Maryland implemented a living wage requirement for state service contracts and rolled out a detailed Frequently Asked Questions Guide that provides detailed guidance on how jurisdictions should incorporate living wage in their procurement processes to support their subrecipients, contractors and vendors. The policy states that, effective 12:01 a.m. on September 28, 2022, living wage rates will be adjusted to $15.13 per hour in tier 1 areas (Anne Arundel County, Baltimore City, Baltimore, Howard, Montgomery and Prince George’s Counties) and $11.36 in tier 2 areas (any county in the state not included in the tier 1 areas), depending on the location where the services are being performed or on the location benefiting from the work.
Government Policy

Miami (FL) Employee Ownership Revolving Loan Fund

Miami, Florida, amended its revolving loan fund policies to allow its community-development-block-grant-funded loan program to finance the conversion of existing businesses to employee-owned structures, with specific callouts for worker cooperatives.
Government Policy

Miami-Dade County (FL) Living Wage Ordinance

The Board of County Commissioners in Miami-Dade County established a Living Wage Ordinance for employees paid through county service contracts to allow citizens to support themselves and their families above the poverty line and with dignity. The living wage applies to contracts valued at greater than $100,000 and all service contractors at Miami-Dade Aviation Department facilities regardless of contract value for various covered services as defined in the provisions of Miami-Dade County's Living Wage Ordinances. Effective October 1, 2022, the living wage is $15.03 per hour with qualifying health benefits valued at least $3.70 per hour or $18.73 per hour.
Government Policy

Minneapolis (MN) Living Wage Ordinance

The Living Wage Ordinance, which includes the Business Subsidy Act, requires covered projects to create at least one full-time living wage job for each $25,000 of business subsidy. State law contains many exemptions. The city places its own requirements on subsidies valued at $100,000 or more and with the intention, or end result, of creating or keeping jobs. Living wage rates effective January 1, 2022, to December 31, 2022, are 130% of poverty for a family of four without health coverage provided by the employer and 110% of poverty for a family of four with health coverage provided by the employer.
Government Policy

National Apprenticeship Act

First signed into law in 1937, this legislation outlines minimum national program standards for registered apprenticeship programs (RAPs). The systems, structures and policies outlined in this legislation provide the framework for local workforce agencies to fund union registered apprenticeship programs (as well as non-union programs) through other federal funds, including the Workforce Innovation and Opportunity Act, Temporary Assistance for Needy Families and SNAP employment and training to subsidize wages and classroom instruction related to RAP on-the-job learning and related instruction.
Government Practice

New York (NY) "Employee Ownership NYC"

New York City developed the nation’s largest municipal initiative for education and technical assistance around employee ownership and conversion.
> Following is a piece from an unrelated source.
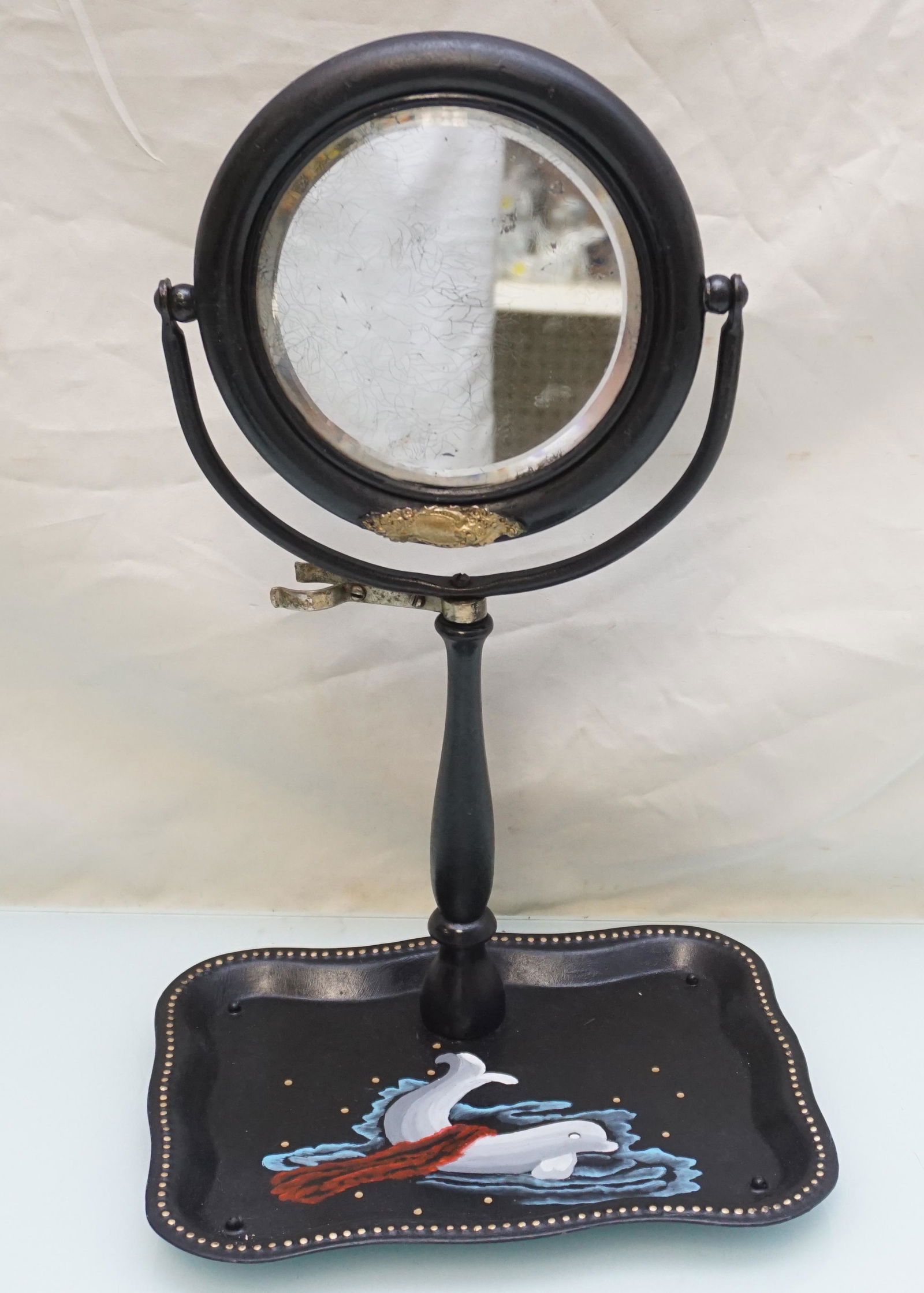 ANTIQUE TOLE PAINTED SHAVING MIRROR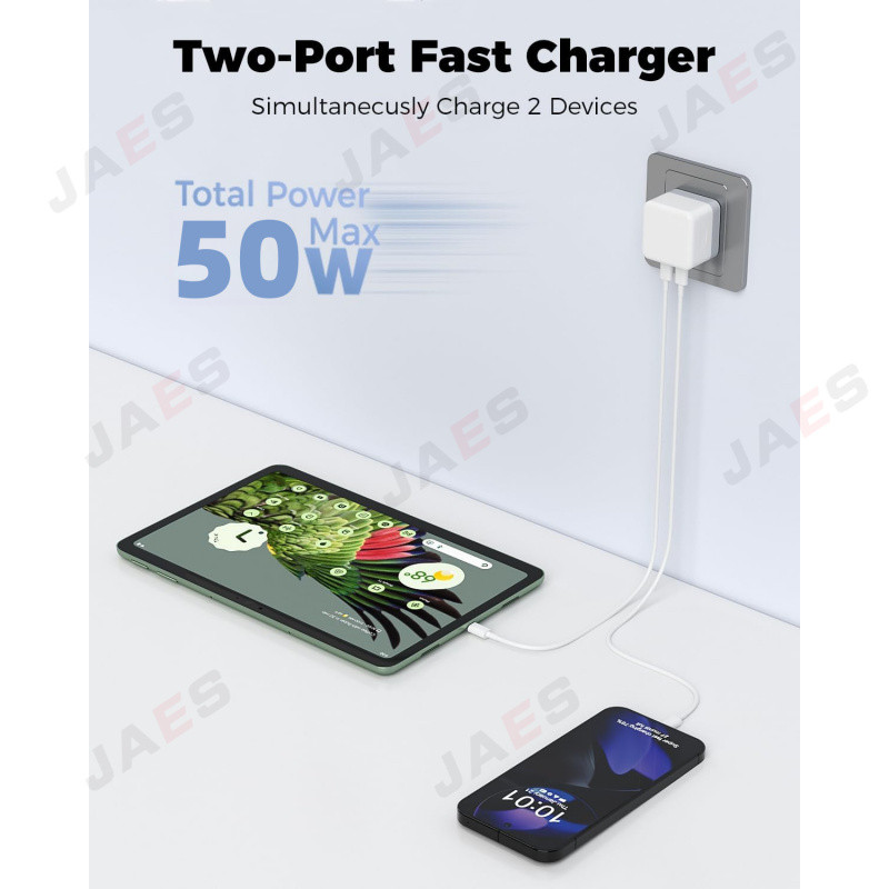 50W Dual USB C Fast Charger【MY Stock】Compatible 17 16 15 14 13 12 11 Pad Tablets 40W Dynamic Power Adapter Type C Fast Charging Head & Cable For Samsung Phone Charger

Business owners can access $10,000 of technical assistance services, utilize the Owners2Owners hotline and have targeted financing and grant opportunities for worker cooperatives.
Government Policy

New York (NY) Fair Wages for New Yorkers Act

New York City launched the Fair Wages for New Yorkers Act, a living wage law that includes wages and health benefits for workers. The law requires certain employers that receive at least $1 million of financial assistance from the city or a city economic development entity to pay no less than the living wage to their employees at the project site, unless the employer qualifies for certain exemptions. As of April 1, 2022, the living wage rate of $15.00 and health benefit supplement of $2.05 applies.